- Born: 4 August 1946 Kathmandu, Nepal
- Died: 1 June 2001 (aged 54) Narayanhity Royal Palace, Kathmandu, Nepal
- Cause of death: Assassination (gunshot wounds)

Names
- Jayanti Rajya Lakshmi Devi Shah of Nepal
- House: Shah dynasty (by birth)
- Father: Prince Basundhara of Nepal
- Mother: Princess Helen of Nepal
- Religion: Hinduism

= Princess Jayanti of Nepal =

Princess Jayanti Rajya Lakshmi Devi Shah of Nepal (4 August 1946 – 1 June 2001) was a member of the Nepalese royal family. She was a granddaughter of King Tribhuvan of Nepal. An active social worker, she was known for her contributions to cancer relief programs in Nepal. She was one of the members of the Nepalese royal family who were killed in the June 2001 Nepalese royal massacre.

==Early life and education==

Princess Jayanti was the first daughter of Prince Basundhara of Nepal and his first wife Princess Helen Shah of Nepal. Princess Jayanti was educated in Woodstock School, an international residential school in Mussoorie, Uttarakhand, India, and in Loreto Convent, Darjeeling. She graduated from Tribhuvan University in 1970.

==Social works==

Princess Jayanti made significant contributions to cancer relief programs in Nepal. She was the founder of the Nepal Cancer Relief Society, and was its chairperson from 1982 to 2001. She involved various international organizations to establish a cancer hospital in Nepal, raised social awareness, and led anti-smoking campaigns.

Since her childhood, Princess Jayanti had seen different members of her family suffering from heart diseases, and therefore, she tried to help people suffering from heart diseases and worked to make cardiac treatment more affordable and available to the common people of Nepal.

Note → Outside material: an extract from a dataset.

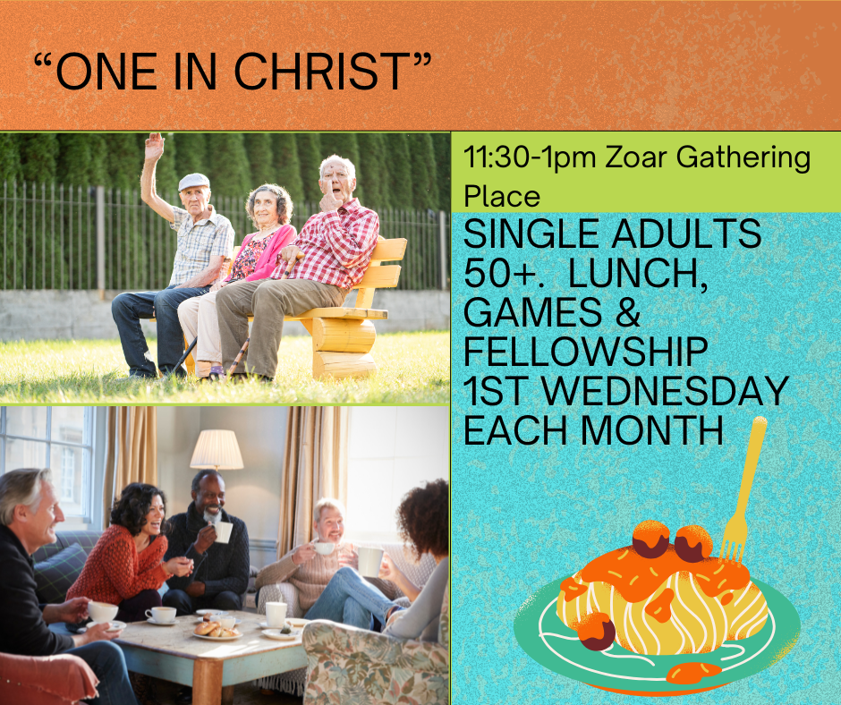 Are you a 50 or older & single? Want to enjoy lunch, games & meet new friends? Zoar invites you to a new group! First

Princess Jayanti also worked to promote tourism. In addition, she was also aware about different environmental issues. All her life she worked to raise social awareness. She attended international conferences and presented different papers in Europe and America.

==Death==

Princess Jayanti was one of the ten members of the Nepalese royal family who died in the Nepalese royal massacre. Jayanti's younger sister, Mrs. Ketaki Chester, was wounded but survived. Jayanti's mother, Princess Helen, was not present in the room at the time of the massacre and therefore survived. She was in the anteroom with the Queen Mother, Ratna, her sister-in-law.

==Legacy==

Princess Jayanti's mother, Princess Helen, established the Jayanti Memorial Trust (JMT) in her (Jayanti's) memory. The trust works to fight cardiac diseases. Besides her work for cancer relief programs, Princess Jayanti had also worked to help heart patients and to make cardiac treatment more available to the people of Nepal.

The Princess Jayanti Achievement Award Ceremony is collaboratively arranged by Hotel Annapurna and Jayanti Memorial Trust. The award is named after her and aims to empower women. Every year, it honours three female students attending Nepal Academy of Tourism and Hotel Management (NATHM) who have topped in their respective academic year.

==Honours==

=== National honours ===
- Member of the Order of the Gurkha Right Hand, 1st class.
- King Mahendra Coronation Medal (2 May 1956).
- King Birendra Coronation Medal (25 February 1975).
- Commemorative Silver Jubilee Medal of King Birendra (31 January 1997).